#### WHAT YOU ARE ASKED TO DO:
Return the lines beginning at the one that contains "Orchestra di scimmie" and running to the end of the records, exactly and with nothing else. Omit pictures.

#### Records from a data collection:
#####

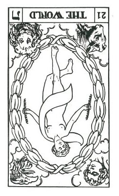 The World carries the number 21. As a composed number that is 3. The World is the third 3 in the Major Arcana. 3 is a reward number, so the third 3 must be even more powerful.
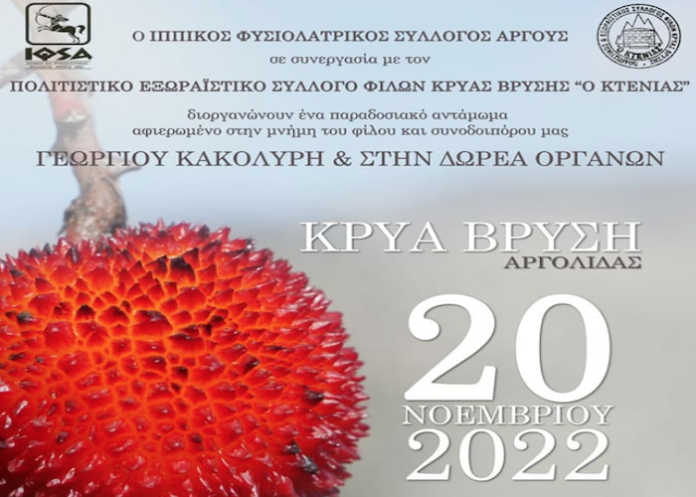 Ο Ιππικός Φυσιολατρικός Σύλλογος Άργους σε συνεργασία με τον Πολιτιστικό Εξωραϊστικό Σύλλογο Φίλων Κρύας Βρύσης ‘Ο ΚΤΕΝΙΑΣ’ σας προσκαλούν στην εκδήλωση που θα πραγματοποιήσουν την Κυριακή 20 Νοεμβρίου 2022 στα μονοπάτια του όρους Κτενιά στα όρια των νομών Αργολίδας και Αρκαδίας.
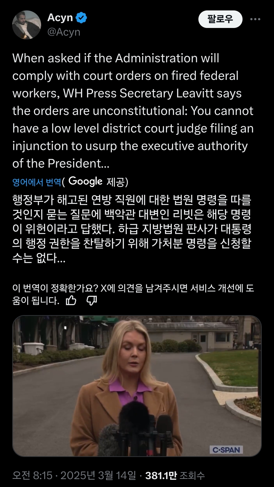 머스크가 저 판사 탄핵하라고 벌써 트윗 올렸음 | 25.03.15 11:15 | | |
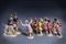 Orchestra di scimmie composta da sette pezzi; e coppia di scimmie su cani, in porcellana policroma, secolo XX
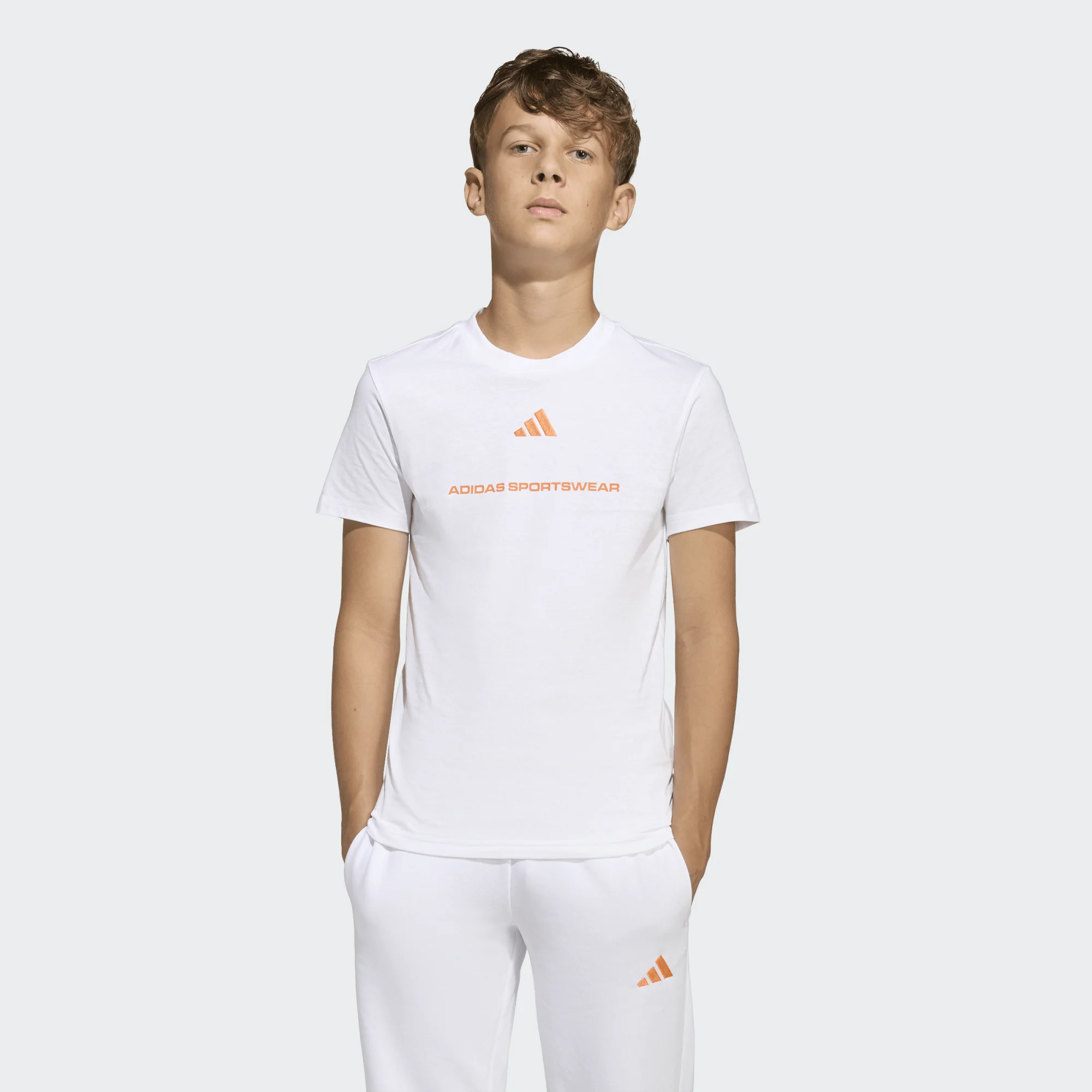 Ανανεώστε το στυλ των μικρών αθλητών με το adidas Boys Slogan Tee (κωδικός: KG5189). Αυτή η λευκή κοντομάνικη μπλούζα ξεχωρίζει για το εντυπωσιακό slogan στο στήθος, προσφέροντας μια μοντέρνα πινελιά στην κλασική αθλητική εμφάνιση.
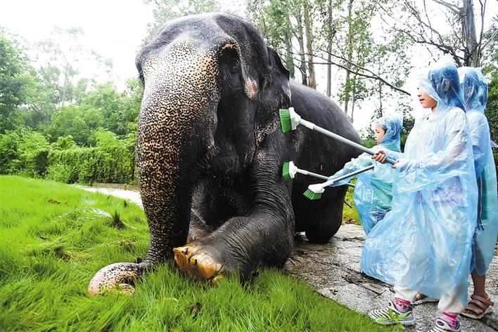 当天上午,深圳野生动物园工作人员为该园大象准备了香蕉、苹果、西瓜、火龙果等果蔬。虽然下着雨,但丝毫没有影响游客与大象互动的兴致。游客在动物园饲养员陪同下清洁象舍,并为大象刷身、洗澡,大象还获得游客喂食各种果蔬。现场充满欢乐气氛。

#####

#### REPLY TO THE TASK:
 Orchestra di scimmie composta da sette pezzi; e coppia di scimmie su cani, in porcellana policroma, secolo XX
 Ανανεώστε το στυλ των μικρών αθλητών με το adidas Boys Slogan Tee (κωδικός: KG5189). Αυτή η λευκή κοντομάνικη μπλούζα ξεχωρίζει για το εντυπωσιακό slogan στο στήθος, προσφέροντας μια μοντέρνα πινελιά στην κλασική αθλητική εμφάνιση.
 当天上午,深圳野生动物园工作人员为该园大象准备了香蕉、苹果、西瓜、火龙果等果蔬。虽然下着雨,但丝毫没有影响游客与大象互动的兴致。游客在动物园饲养员陪同下清洁象舍,并为大象刷身、洗澡,大象还获得游客喂食各种果蔬。现场充满欢乐气氛。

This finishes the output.